━━━━━ MATERIAL TO PROCESS ━━━━━

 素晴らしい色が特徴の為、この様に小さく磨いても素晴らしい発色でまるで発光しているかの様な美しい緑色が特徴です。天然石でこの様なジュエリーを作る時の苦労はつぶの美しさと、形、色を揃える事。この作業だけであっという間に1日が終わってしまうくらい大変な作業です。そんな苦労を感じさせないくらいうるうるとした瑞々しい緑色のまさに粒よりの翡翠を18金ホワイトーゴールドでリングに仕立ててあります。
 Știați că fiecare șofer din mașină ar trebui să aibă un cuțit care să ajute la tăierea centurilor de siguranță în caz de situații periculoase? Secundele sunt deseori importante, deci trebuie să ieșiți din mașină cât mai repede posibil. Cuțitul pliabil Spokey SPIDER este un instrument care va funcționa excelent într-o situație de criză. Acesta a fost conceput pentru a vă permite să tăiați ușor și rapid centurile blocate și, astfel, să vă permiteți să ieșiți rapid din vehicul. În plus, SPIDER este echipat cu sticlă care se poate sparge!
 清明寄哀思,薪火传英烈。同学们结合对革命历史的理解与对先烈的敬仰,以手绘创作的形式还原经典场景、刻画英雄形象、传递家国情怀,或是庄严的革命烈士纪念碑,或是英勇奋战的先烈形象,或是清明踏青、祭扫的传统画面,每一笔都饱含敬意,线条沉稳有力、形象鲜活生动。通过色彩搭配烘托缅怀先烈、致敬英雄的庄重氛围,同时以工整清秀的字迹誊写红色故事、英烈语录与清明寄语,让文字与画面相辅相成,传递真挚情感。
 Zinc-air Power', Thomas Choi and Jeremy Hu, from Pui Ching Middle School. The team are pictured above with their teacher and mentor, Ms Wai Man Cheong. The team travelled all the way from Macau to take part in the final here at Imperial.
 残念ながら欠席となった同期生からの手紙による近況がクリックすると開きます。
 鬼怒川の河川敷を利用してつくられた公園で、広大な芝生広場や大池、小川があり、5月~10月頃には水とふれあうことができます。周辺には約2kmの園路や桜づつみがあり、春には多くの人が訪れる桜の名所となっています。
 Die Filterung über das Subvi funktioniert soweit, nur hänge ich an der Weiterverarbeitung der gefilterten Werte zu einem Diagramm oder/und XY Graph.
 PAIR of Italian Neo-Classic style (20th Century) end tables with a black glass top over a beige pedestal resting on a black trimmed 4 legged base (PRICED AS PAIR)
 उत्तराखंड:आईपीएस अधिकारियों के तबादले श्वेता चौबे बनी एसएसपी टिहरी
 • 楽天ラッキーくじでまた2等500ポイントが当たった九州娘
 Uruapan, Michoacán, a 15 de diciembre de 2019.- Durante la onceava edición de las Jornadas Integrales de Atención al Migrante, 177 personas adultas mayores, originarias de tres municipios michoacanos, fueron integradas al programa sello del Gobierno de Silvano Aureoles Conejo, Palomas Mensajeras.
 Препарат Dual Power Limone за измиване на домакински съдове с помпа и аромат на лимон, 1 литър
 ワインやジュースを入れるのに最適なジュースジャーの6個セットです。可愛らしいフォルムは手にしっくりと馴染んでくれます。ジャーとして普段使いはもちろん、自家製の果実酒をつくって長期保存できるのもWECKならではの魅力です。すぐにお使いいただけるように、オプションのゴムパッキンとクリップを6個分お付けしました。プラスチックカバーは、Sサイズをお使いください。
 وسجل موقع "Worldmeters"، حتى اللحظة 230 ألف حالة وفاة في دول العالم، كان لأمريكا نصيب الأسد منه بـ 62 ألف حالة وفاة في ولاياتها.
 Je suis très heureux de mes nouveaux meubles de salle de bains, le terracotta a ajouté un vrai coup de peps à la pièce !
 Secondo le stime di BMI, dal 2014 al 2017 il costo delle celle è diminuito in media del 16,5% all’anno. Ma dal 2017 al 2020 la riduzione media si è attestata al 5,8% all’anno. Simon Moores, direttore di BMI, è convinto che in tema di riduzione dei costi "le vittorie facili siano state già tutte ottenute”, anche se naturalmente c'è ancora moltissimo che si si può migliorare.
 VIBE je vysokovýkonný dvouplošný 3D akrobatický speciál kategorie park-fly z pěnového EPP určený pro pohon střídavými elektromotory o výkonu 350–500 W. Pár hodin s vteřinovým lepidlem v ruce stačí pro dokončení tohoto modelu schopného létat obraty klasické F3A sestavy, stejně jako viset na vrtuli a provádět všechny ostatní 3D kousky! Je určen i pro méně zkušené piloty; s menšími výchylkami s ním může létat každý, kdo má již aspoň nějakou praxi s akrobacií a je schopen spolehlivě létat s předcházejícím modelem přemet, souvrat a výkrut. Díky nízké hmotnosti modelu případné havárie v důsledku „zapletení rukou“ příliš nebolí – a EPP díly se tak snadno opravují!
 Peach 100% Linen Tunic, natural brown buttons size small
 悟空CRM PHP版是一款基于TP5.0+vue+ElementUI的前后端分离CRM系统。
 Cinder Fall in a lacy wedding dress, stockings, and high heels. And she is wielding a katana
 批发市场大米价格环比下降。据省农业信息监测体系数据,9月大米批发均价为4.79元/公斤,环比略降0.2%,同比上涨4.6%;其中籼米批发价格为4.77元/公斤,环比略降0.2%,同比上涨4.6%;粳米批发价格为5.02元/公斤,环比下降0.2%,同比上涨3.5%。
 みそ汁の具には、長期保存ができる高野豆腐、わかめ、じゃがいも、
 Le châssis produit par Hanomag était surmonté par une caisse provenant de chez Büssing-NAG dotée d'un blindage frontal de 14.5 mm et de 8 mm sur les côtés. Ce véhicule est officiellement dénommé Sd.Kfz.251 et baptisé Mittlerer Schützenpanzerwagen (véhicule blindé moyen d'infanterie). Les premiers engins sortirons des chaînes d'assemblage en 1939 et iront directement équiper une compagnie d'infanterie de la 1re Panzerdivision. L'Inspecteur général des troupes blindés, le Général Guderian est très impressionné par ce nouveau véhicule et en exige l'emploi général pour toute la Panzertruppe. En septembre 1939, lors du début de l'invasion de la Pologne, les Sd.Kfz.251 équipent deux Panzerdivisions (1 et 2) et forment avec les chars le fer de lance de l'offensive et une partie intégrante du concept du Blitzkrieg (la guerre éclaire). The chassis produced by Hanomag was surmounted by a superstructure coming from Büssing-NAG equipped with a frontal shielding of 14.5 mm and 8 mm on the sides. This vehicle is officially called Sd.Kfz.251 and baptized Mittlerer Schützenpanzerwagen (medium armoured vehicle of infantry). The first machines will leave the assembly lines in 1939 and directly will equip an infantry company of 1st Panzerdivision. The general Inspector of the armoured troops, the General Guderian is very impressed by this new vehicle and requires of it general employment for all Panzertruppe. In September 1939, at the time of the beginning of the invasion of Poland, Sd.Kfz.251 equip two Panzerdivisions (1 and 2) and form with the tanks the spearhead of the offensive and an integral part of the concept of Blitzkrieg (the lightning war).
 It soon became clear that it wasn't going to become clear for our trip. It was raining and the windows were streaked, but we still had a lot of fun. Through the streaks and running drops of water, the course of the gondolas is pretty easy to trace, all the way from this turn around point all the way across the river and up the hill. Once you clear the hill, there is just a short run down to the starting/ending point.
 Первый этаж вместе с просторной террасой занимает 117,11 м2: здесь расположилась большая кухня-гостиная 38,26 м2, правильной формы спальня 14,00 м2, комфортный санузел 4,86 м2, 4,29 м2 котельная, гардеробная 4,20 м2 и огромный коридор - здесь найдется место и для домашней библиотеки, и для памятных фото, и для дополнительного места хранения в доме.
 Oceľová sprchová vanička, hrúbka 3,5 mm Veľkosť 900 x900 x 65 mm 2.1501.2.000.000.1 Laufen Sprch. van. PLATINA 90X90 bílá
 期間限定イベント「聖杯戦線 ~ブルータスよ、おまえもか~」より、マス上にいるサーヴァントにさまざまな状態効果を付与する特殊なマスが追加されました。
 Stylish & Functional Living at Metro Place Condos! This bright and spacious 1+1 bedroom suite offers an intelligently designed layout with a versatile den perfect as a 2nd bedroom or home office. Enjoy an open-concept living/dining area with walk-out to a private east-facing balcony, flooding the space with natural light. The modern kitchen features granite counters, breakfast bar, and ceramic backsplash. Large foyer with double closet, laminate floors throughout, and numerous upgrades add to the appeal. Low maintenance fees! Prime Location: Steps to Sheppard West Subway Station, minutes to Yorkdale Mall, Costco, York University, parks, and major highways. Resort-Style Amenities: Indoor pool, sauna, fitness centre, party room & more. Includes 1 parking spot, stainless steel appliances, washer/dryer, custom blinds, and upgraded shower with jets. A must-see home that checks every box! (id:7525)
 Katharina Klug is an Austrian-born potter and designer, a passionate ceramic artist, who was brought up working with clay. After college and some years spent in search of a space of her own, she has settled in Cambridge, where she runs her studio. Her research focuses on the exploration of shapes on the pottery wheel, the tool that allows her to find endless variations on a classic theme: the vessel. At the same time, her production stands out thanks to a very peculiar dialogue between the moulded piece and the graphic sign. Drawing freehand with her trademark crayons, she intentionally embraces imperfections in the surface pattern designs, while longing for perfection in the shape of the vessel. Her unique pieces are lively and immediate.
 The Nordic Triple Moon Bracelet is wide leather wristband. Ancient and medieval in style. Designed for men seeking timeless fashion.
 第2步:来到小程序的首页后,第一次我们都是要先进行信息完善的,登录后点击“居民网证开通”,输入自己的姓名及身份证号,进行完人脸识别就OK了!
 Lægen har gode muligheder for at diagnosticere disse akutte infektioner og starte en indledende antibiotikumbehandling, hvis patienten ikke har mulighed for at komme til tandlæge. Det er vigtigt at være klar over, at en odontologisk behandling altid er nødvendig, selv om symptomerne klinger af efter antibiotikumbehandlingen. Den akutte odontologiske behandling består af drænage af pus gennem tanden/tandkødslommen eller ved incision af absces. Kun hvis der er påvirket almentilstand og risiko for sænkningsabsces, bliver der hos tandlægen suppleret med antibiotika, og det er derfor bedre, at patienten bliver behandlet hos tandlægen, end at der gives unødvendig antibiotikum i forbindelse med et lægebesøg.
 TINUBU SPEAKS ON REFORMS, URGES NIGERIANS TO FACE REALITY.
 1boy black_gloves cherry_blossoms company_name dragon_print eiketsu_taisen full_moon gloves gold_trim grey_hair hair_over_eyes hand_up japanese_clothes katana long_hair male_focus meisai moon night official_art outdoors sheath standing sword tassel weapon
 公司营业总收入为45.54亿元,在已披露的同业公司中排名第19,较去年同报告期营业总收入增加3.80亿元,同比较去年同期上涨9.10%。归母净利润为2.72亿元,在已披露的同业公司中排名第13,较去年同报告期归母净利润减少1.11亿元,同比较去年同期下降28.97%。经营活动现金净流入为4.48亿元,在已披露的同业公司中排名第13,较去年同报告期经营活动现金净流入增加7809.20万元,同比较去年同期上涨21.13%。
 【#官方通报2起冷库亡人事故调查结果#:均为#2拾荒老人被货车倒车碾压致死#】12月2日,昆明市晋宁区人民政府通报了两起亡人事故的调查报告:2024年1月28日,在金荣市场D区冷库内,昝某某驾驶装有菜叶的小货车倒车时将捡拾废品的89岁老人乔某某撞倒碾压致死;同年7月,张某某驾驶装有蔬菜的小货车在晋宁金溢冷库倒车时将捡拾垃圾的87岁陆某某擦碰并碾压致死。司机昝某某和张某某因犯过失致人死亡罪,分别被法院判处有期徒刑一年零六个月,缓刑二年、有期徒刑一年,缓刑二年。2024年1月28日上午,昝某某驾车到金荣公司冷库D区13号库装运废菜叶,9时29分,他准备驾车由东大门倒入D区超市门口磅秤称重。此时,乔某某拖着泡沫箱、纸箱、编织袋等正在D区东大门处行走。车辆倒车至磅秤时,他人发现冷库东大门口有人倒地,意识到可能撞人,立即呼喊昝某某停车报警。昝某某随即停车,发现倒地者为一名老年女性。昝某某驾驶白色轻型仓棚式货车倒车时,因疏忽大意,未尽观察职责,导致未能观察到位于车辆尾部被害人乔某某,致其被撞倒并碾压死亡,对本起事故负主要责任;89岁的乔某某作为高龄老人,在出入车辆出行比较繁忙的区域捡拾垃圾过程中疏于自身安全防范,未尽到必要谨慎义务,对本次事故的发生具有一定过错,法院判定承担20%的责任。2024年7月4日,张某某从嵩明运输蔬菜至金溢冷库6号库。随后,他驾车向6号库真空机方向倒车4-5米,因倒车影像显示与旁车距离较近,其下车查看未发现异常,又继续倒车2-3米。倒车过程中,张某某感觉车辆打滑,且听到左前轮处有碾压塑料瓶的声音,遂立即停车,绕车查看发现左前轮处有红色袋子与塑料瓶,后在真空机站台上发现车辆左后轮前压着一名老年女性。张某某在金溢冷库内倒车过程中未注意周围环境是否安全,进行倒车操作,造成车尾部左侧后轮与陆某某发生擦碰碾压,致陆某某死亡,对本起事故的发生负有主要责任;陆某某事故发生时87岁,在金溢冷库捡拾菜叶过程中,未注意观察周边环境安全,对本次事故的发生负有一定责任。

━━━━━

◆ **WHAT YOU WILL DO**:
The range runs from the line above containing "The Nordic Triple" to the line containing "公司营业总收入为45.54亿", inclusive. Restate those lines word for word and no others.

◆ **WRITTEN SOLUTION**:
 The Nordic Triple Moon Bracelet is wide leather wristband. Ancient and medieval in style. Designed for men seeking timeless fashion.
 第2步:来到小程序的首页后,第一次我们都是要先进行信息完善的,登录后点击“居民网证开通”,输入自己的姓名及身份证号,进行完人脸识别就OK了!
 Lægen har gode muligheder for at diagnosticere disse akutte infektioner og starte en indledende antibiotikumbehandling, hvis patienten ikke har mulighed for at komme til tandlæge. Det er vigtigt at være klar over, at en odontologisk behandling altid er nødvendig, selv om symptomerne klinger af efter antibiotikumbehandlingen. Den akutte odontologiske behandling består af drænage af pus gennem tanden/tandkødslommen eller ved incision af absces. Kun hvis der er påvirket almentilstand og risiko for sænkningsabsces, bliver der hos tandlægen suppleret med antibiotika, og det er derfor bedre, at patienten bliver behandlet hos tandlægen, end at der gives unødvendig antibiotikum i forbindelse med et lægebesøg.
 TINUBU SPEAKS ON REFORMS, URGES NIGERIANS TO FACE REALITY.
 1boy black_gloves cherry_blossoms company_name dragon_print eiketsu_taisen full_moon gloves gold_trim grey_hair hair_over_eyes hand_up japanese_clothes katana long_hair male_focus meisai moon night official_art outdoors sheath standing sword tassel weapon
 公司营业总收入为45.54亿元,在已披露的同业公司中排名第19,较去年同报告期营业总收入增加3.80亿元,同比较去年同期上涨9.10%。归母净利润为2.72亿元,在已披露的同业公司中排名第13,较去年同报告期归母净利润减少1.11亿元,同比较去年同期下降28.97%。经营活动现金净流入为4.48亿元,在已披露的同业公司中排名第13,较去年同报告期经营活动现金净流入增加7809.20万元,同比较去年同期上涨21.13%。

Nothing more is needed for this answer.